Exercise objective:
Give back each line of the data exactly as it reads, minus the pictures.

Information supplied:
········

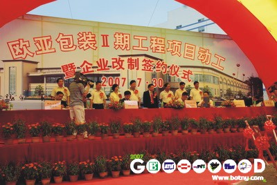 歐亞公司根據自身的發展需要,與招商證券、鵬城會計師事務所,廣東君言律師事務所簽約合作,對歐亞公司進行股份制改造, 我們相信,歐亞包裝公司今后將更高速發展,在國內IPO融資,并與廣大投資者共享公司的快速發展成果。
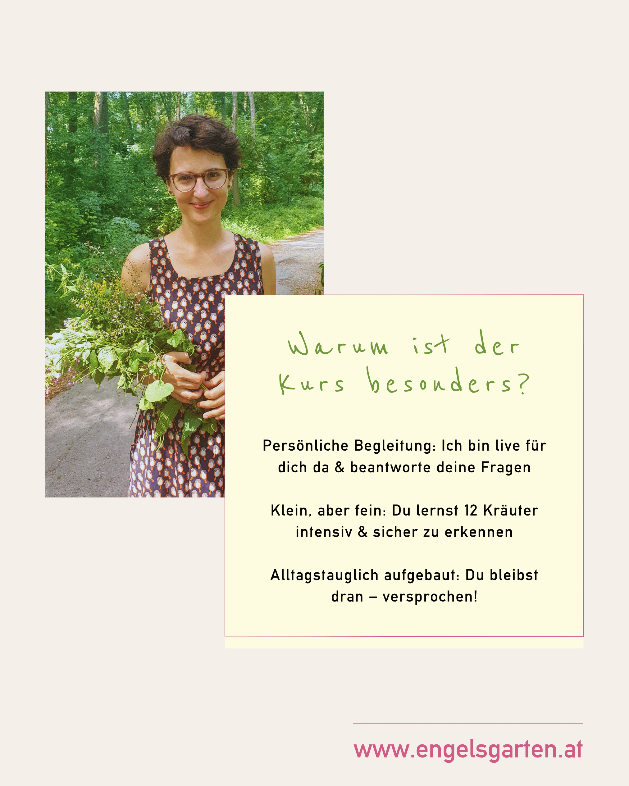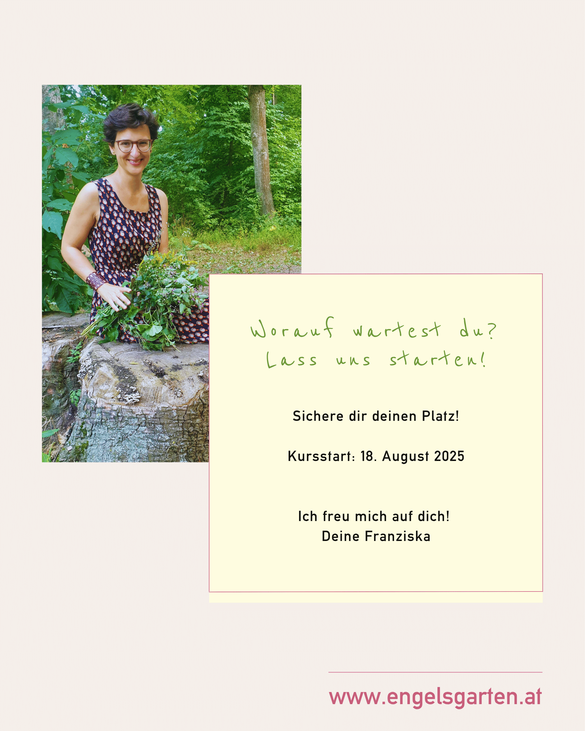 Nach diesem Kurs bist du in der Lage, die gelernten Kräuter sicher zu erkennen, zu sammeln und zu nutzen, ohne Angst vor Verwechslungen. Du gehst mit offenen Augen durch die Natur und entdeckst an jeder Ecke Wildkräuter, die du wirklich gut kennst. Die Freude ist riesig! Mit den Kräutern zauberst du köstliche Gerichte für dich und deine Familie. Du stellst kraftvolle Hausmittel gegen Alltagsbeschwerden für dich und dein Umfeld her. Du verbindest dich wieder mehr mit der Natur und daher auch mit dir.Ein Onlinekurs mit Franziska Polsterer
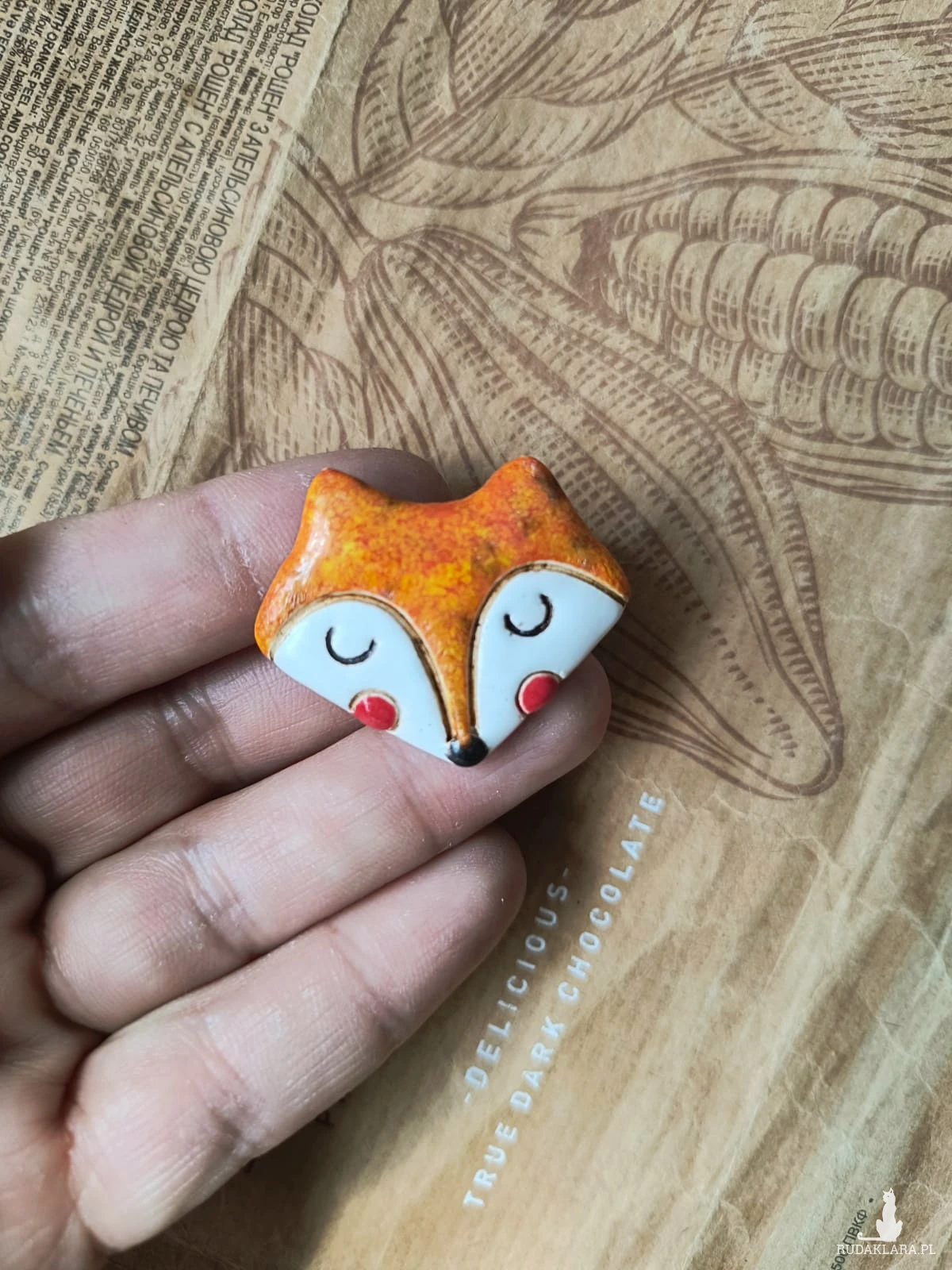 Broszka liska wykonana z gliny szamotowej, wypalona na biskwit, a następnie szkliwiona w temperaturze ok 1260 stopni C. O wymiarach ok; 4 cm x 3,5 cm. Serdecznie polecam wszystkim Paniom poszukującym nietuzinkowej biżuterii.

········

Result for this exercise:
 歐亞公司根據自身的發展需要,與招商證券、鵬城會計師事務所,廣東君言律師事務所簽約合作,對歐亞公司進行股份制改造, 我們相信,歐亞包裝公司今后將更高速發展,在國內IPO融資,并與廣大投資者共享公司的快速發展成果。
 Nach diesem Kurs bist du in der Lage, die gelernten Kräuter sicher zu erkennen, zu sammeln und zu nutzen, ohne Angst vor Verwechslungen. Du gehst mit offenen Augen durch die Natur und entdeckst an jeder Ecke Wildkräuter, die du wirklich gut kennst. Die Freude ist riesig! Mit den Kräutern zauberst du köstliche Gerichte für dich und deine Familie. Du stellst kraftvolle Hausmittel gegen Alltagsbeschwerden für dich und dein Umfeld her. Du verbindest dich wieder mehr mit der Natur und daher auch mit dir.Ein Onlinekurs mit Franziska Polsterer
 Broszka liska wykonana z gliny szamotowej, wypalona na biskwit, a następnie szkliwiona w temperaturze ok 1260 stopni C. O wymiarach ok; 4 cm x 3,5 cm. Serdecznie polecam wszystkim Paniom poszukującym nietuzinkowej biżuterii.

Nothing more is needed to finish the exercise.